Cramm, president of executive-coaching and development firm Valuedance, is your friend. A former CFO and CIO, she understands both the business and IT perspectives. In her introduction, she cheerfully informs the reader that the book is "mostly focused on nagging you, the business leader." For leaders experienced in technology management, the book can help them educate their team and improve their relationship with IT. For those inexperienced in managing technology, "8 Things" can serve as a guide to IT fundamentals and provide a foundation for determining their expectations of their teams and of IT.

Finally, she says, the purpose of her book is for you, the IT executive, to share with your colleagues on the business side. If your business counterparts want IT to be better, this is the book that tells them, "Help me help you." Indeed, Cramm is unapologetic about the responsibility of business people to be "IT smart" and cites a recent survey that found only 27 percent of business leaders meet that standard. And it is the "IT-dumb" who have the worst relationships with IT and are dissatisfied with the service they get.

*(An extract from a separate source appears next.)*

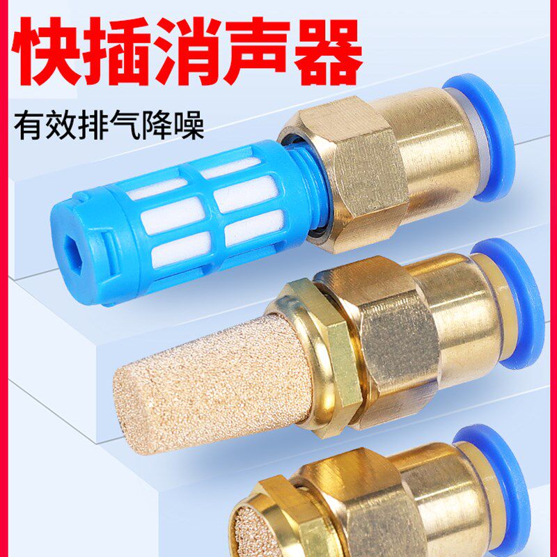 📚 气动接头插入式电磁阀平头消声器快插长头插管塑料降噪消音器静音

The book's ultimate offering is a new paradigm for the business-IT relationship, which she reaches by addressing the top IT hates. What do we hate? Cramm poses each issue as a pair of complaints, one from the IT perspective and the other from the business side:

  • Service or Control
  • Business: IT is overly bureaucratic and control freakish.
    IT: The business side makes silly, unsound requests without a clue about impact.

  • Results or Respect
  • Business: IT is full of condescending techies who don't listen.
    IT: Business treats IT like untrustworthy hired help (hired help that they may believe to be magicians).

  • Tactics or Strategy
  • Business: IT is reactive, not proactive.
    IT: Business doesn't include IT in planning.

  • Expense or Investment
  • Business: Hates when IT proposes luxury over good-enough.
    IT: Business only cares about costs, not value.

  • Quickness or Quality
  • Business: IT doesn't deliver on time.
    IT: What's "on time"? Business is always changing its mind.

  • Customization or Standardization
  • Business: IT doesn't get what the business really needs.
    IT: Business wants everything -- now -- without much thought to ROI.

  • Innovation or Bureaucracy
  • Business: IT doesn't get behind innovation.
    IT: Business doesn't get IT systems.

  • Greatness or Goodness
  • Business: IT gets in the way of business change.
    IT: It's always something. Business is never happy with IT.

Cramm then takes those "ors" and turns them into "ands," offering a way for the two sides to resolve their differences. For instance, in a rehabilitated business-IT relationship, business leaders get results and IT gets respect.